クラレ・東レ…PFAS対応加速、素材メーカーが規制強化を商機に

クラレが製造する活性炭

素材大手が、規制が進む有機フッ素化合物(PFAS)への対応を強化している。米国で飲料水向けのPFAS規制強化が決まる中、クラレはPFASの除去に寄与する活性炭事業を拡大。東レは環境規制に応じ、PFASを使用しない先端半導体向けモールド離型フィルムを発売した。各社はPFAS問題に対処しながら、さらなる製品の技術革新と品質向上を目指している。(岡紗由美)

飲料水 高品質の水処理用活性炭

米国では4月、環境保護庁(EPA)がPFASに関する飲料水規制を最終決定した。飲料水中のペルフルオロオクタンスルホン酸(PFOS)やペルフルオロオクタン酸(PFOA)など6種類のPFASについて、最大汚染物質レベル(MCL)と呼ばれる法的強制力のあるレベルを設定。飲料水事業者は2027年までにモニタリングを実施し、基準値を超えた場合は29年までに対策の実施が求められることとなった。PFASの処理に利用可能な技術の一つである粒状活性炭を手がける素材メーカーにとっては、需要拡大の好機だ。

クラレは6月に開いた活性炭に関する経営説明会で米国での規制強化に触れ、「多くの自治体の水道事業者が、州の規制や世論の圧力などにより早期に対応する」と想定。活性炭を扱う環境ソリューション事業部の岩崎秀治事業部長補佐は「規制が強化されることで活性炭の交換頻度が高まる。活性炭の最大のサプライヤーとして、必要な能力を供給できるように事業を拡大していかなければならない」との意気込みを示した。同事業部の売上高を30年までに年平均10―13%伸ばしていく方針だ。

米国での飲料水規制の概要

その成長ドライバーの一つと位置付けるのが、水処理用などに展開する石炭系活性炭「FILTRASORB」だ。同製品の特徴は、表面と中心部でほぼ同じ吸着能力を持つこと。石炭を数マイクロメートル(マイクロは100万分の1)レベルまで粉砕した後、固めて再び数ミリメートル程度に破砕することで粒子同士の隙間を確保。これにより活性炭内部を含めて吸着性能を高め、吸着した物質が流出しにくくした。粉砕した石炭をいかにつぶさないように固めるかなど、独自の技術力で仕上げた製品だ。

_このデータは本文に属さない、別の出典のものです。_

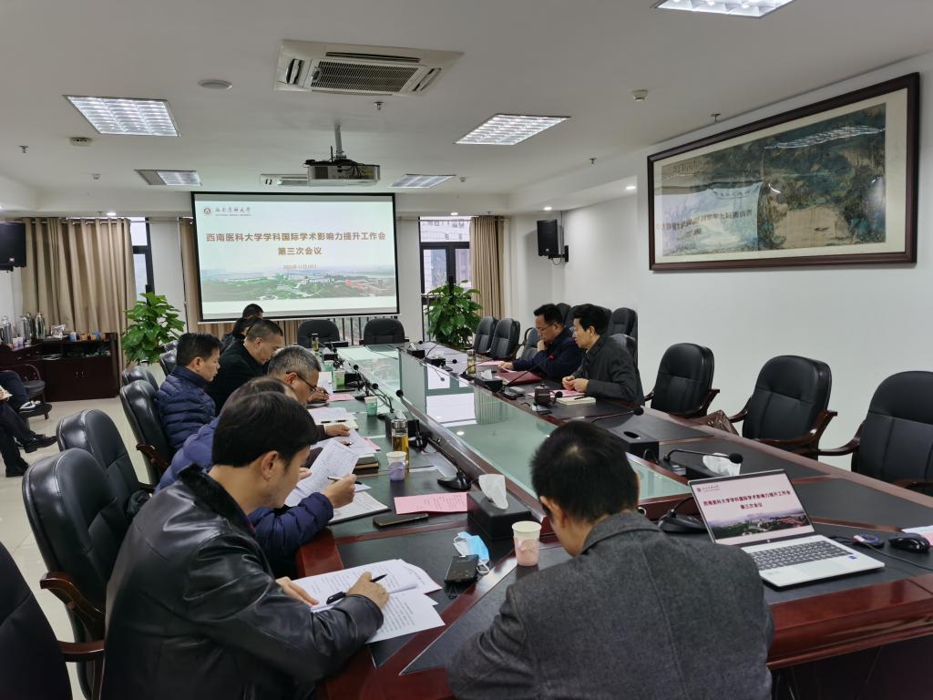 11月19日,beat365官方网站学科国际学术影响力提升工作第三次会议在城北校区德诚楼521会议室召开。学校党委副书记、校长张春祥,党委常委、副校长彭钢,党政办公室、人事处、发展规划处、科技处、研究生院、财务管理处、图书馆、基础医学院、临床医学院、药学院等负责人参会,会议由彭钢主持。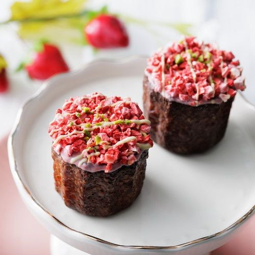 Dans cannele de Bordeaux du goût de fraises qui a utilisé du chocolat de fraises abondamment, j'ai décoré du chocolat de fraises. En outre, l'apparence qu'un bon nappage a fait une fraise sèche et la pistache que j'ai écrasée est joli cannele de Bordeaux.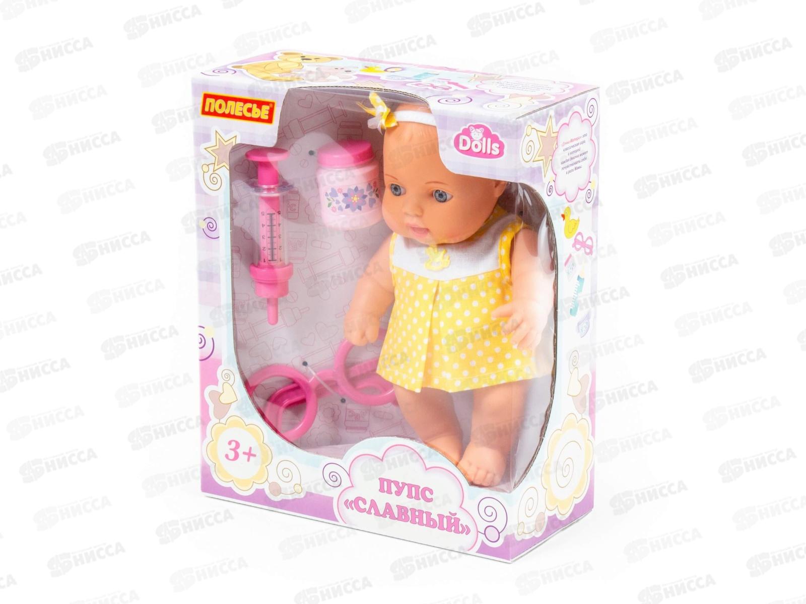 Пупс "Славный" обязательно станет постоянным участником сюжетно-ролевых игр малыша. Игрушка выполнена из качественных материалов, глазки у куклы не закрываются. Пупс одет в стильное платьице, как у настоящей малышки. В комплекте с куклой идёт набор "Доктор", который состоит из 3 элементов. Такая комплектация разнообразит игру и сделает её ещё интереснее и реалистичнее. Ребёнок сможет лечить пупса, придумывая различные сценарии для игры. Кроме того, на обратной стороне коробки есть свидетельство о рождении пупса, вырезав которое ребёнок получит ещё один интересный элемент для игры.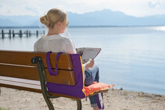 Die superleichte, sportlich-elegante Mehrzweck-Sitz- und Liegetasche für unterwegs. Zusammengefaltet ist Hhooboz eine coole Tragetasche mit viel Raum und auseinandergefaltet ein Sitzkissen, Rückenpolster, Strandmatte und vieles mehr. Hhooboz schützt vor Wärme, Kälte, Schmutz und Feuchtigkeit. Die hochwertige Vliesfüllung, bleibt formstabil und elastisch. Der sehr robuste Außen- und Innenbezug ist schmutz- und wasserabweisend. Hhooboz besitzt eine praktische Wende-Funktion durch aushängbare Reißverschlüsse. Der exklusive Schlüsselanhängerring hat eine unverwechselbare Hhooboz-Logogravur. Die integrierte kleine Innentasche ist sehr praktisch zum Aufbewahren von Handy, Schlüssel etc. und mit einem Reißverschluss sicher verschließbar. Die Größe S und M sind für unterwegs im Stadion, Tenniscourt oder Park perfekt geeignet. Größe L ist ideal am Strand, im Schwimmbad oder auf dem Rasen. Überall dort, wo langes Sitzen bequem sein darf! Auch als Yogamatte bestens geeignet!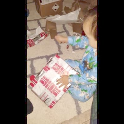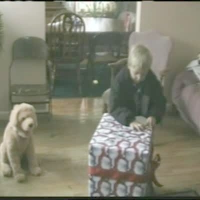 "Oblivious Boy" Boy opens Christmas gift by lifting the box up to find a toy dog underneath. Boy doesn't get it & keeps shaking the box, then takes off wrapping paper. When he finally sees the dog he thinks it's magic.
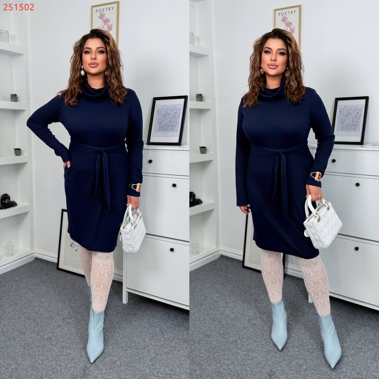 Яскрава сукня приталеного покрою , з обʼємним коміром , пояс з основної тканини .
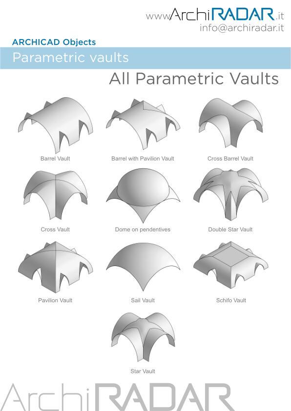 The ArchiRADAR parametric vaults (complete collection) have been conceived to speed up the designer's work, thanks to the possibility of managing many parameters.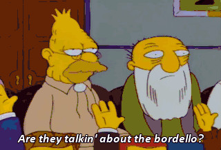 Are they talkin' about the bordello? No, the burlesque house. So just keep your mouth shut. No, there's no justice like angry-mob justice. I'm gonna burn all the historic "memorabilias."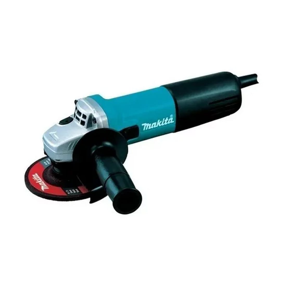 Miniesmeriladora Angular Makita con disco para realizar trabajos de desbaste y pulido profesional en metal y acero.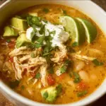 Dairy Free White Chicken Chili is a savory, creamy dish made with chicken, beans, spices, and coconut milk, perfect for those avoiding dairy.

クラレの強みは活性炭の用途に応じて細孔の大きさを制御し、必要な機能を持たせる独自技術とノウハウにある。石炭と木材、ヤシ殻のいずれの原料にも対応でき、除去したい分子の大きさに合わせた孔の分布を実現する製造方法を用意できる。併せて、品質の高さも特徴だ。原料には金属など不純物が含まれるが、分析能力を生かして不純物を特定。適切な除去工程を選ぶことができるという。複数の方法を組み合わせて不純物を取り除くことが、吸着率の高さにつながっている。

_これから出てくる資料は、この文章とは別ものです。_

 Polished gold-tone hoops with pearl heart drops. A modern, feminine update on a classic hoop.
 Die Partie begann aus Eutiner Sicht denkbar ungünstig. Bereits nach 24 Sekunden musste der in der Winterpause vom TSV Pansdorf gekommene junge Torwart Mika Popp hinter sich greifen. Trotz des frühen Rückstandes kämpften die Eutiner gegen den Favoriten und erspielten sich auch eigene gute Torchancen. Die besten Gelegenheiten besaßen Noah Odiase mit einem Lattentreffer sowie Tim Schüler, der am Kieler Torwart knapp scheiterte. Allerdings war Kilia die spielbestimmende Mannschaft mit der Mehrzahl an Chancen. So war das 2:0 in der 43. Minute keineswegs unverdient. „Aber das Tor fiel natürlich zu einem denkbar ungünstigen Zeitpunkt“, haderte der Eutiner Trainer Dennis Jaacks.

また、活性炭の製造で課題となる、温室効果ガス(GHG)排出量の削減にも取り組んでいる。その一例が、使用済み活性炭の再生だ。再生炭は新炭に比べ、GHG排出量を5分の1程度に低減できる。同社は使用状況や性能の劣化度合いを把握し、用法にあわせて再生プロセスを決定。これにより、新炭と同程度の性能を維持している。

クラレは現在、再生炭の拠点を米国各地のマーケット近くに複数構える。6月末には、産業用再生炭の製造販売や産業用機器レンタル事業を展開する米スプリント・エンバイロメンタル・サービス(テキサス州)から、産業用再生炭事業の譲渡を受けた。同拠点では産業用だけでなく、飲料水用再生炭の生産設備増強も視野に入れている。

半導体 離型フィルム、金型汚れ低減

東レは5月、先端半導体向けモールド離型フィルムを発売した。ポリエステルフィルムを使い、PFASフリーの離型層と革新的な微細構造制御技術「ナノアロイ技術」を活用することでフッ素系フィルムに近い柔軟性を実現。PFAS不使用ながら、モールディング工程で課題となっていた金型汚れを従来の5分の1以下に低減した。先端半導体製造の稼働率向上に貢献できると見ている。

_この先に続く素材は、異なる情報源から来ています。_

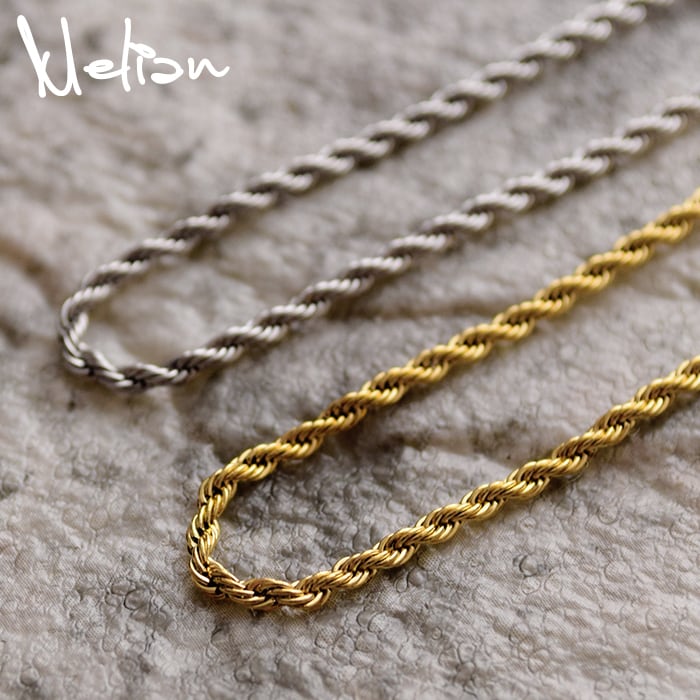 ロープ状に編み込まれたカット面の輝きが美しいスクリューチェーンネックレス。
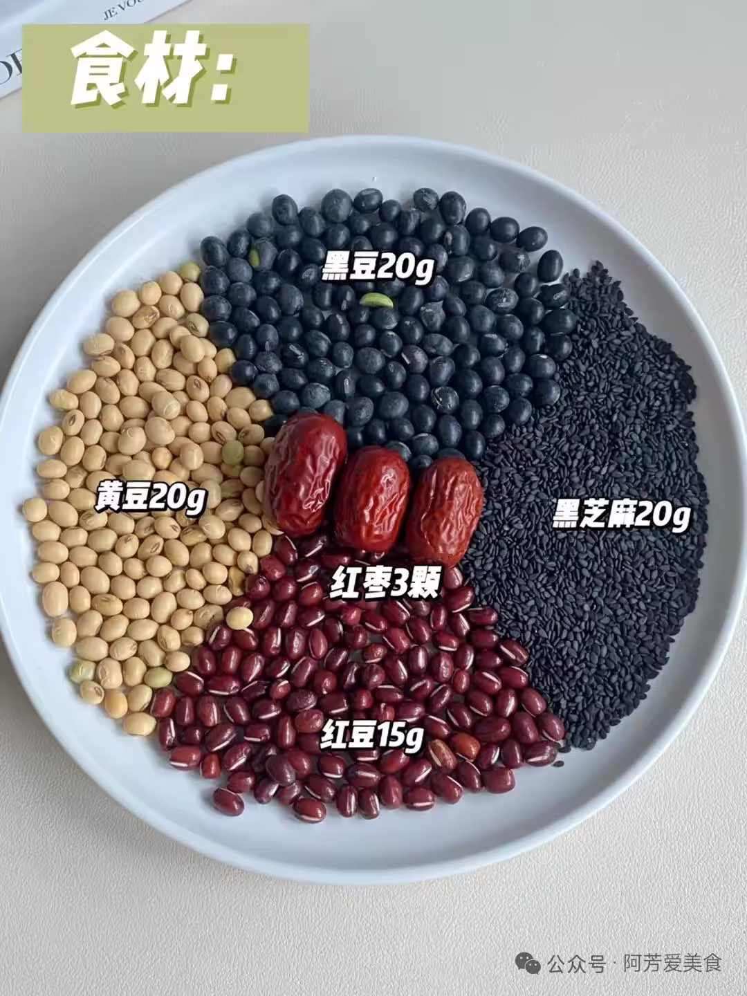 食材:黑豆20g、黃豆20g、紅豆15g、紅棗3顆去核。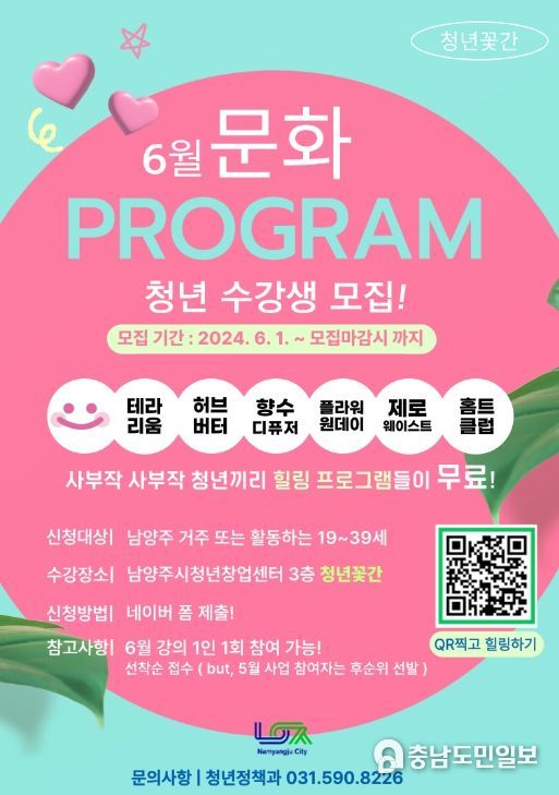 (충남도민일보 / TV / 안희진기자) 남양주시는 오는 6월 11일부터 남양주청년창업센터(남양주시 늘을2로14번길 12) 내 청년꽃간에서 청년의 다양한 관심사를 반영한 6개 문화프로그램 운영한다고 31일 밝혔다.

東レが発売したPFAS不使用の半導体向けモールド離型フィルム

同製品は半導体パッケージングの後工程であるモールディング工程に使われる。モールド樹脂を覆い、外部環境から保護する役割を持つ工程で、モールド樹脂と金型の間には離型フィルムを設置するのが一般的だ。ただ従来の離型フィルムはPFAS材料が使われており、過度な柔軟性によるフィルム破れやシワの発生による歩留まり、生体への影響懸念が課題となっていた。

東レは独自技術により、金型汚れの原因物質を遮断するガスバリア性を向上。先端半導体の形状が複雑化していることを踏まえ、モールド成形時のフィルム破れや、シワがモールド樹脂に転写されるのを抑制する耐熱柔軟性も備えた。

同社はすでに、先端半導体分野を中心に想定を上回る問い合わせを受けているという。一部メーカーでは採用も始まっており、拡大に向けた評価も進んでいる。

フィルム事業本部ルミラー事業部門ルミラー事業第1部情報材料第2課の矢内真二課長は「30年をめどに、周辺用途を含めて売上高40億円を目標に掲げている。PFASフリーなど近年の環境規制への対応を進め、社会に貢献していきたい」と手応えを示す。

PFASの使用を避ける動きは、繊維分野にも広がる。足元ではPFAS不使用の撥水素材の開発や置き換えが進行中だ。帝人フロンティア(大阪市北区、平田恭成社長)では国内外の規制や欧米を中心とした顧客の声を受け、すでに大半がPFAS不使用の製品となっている。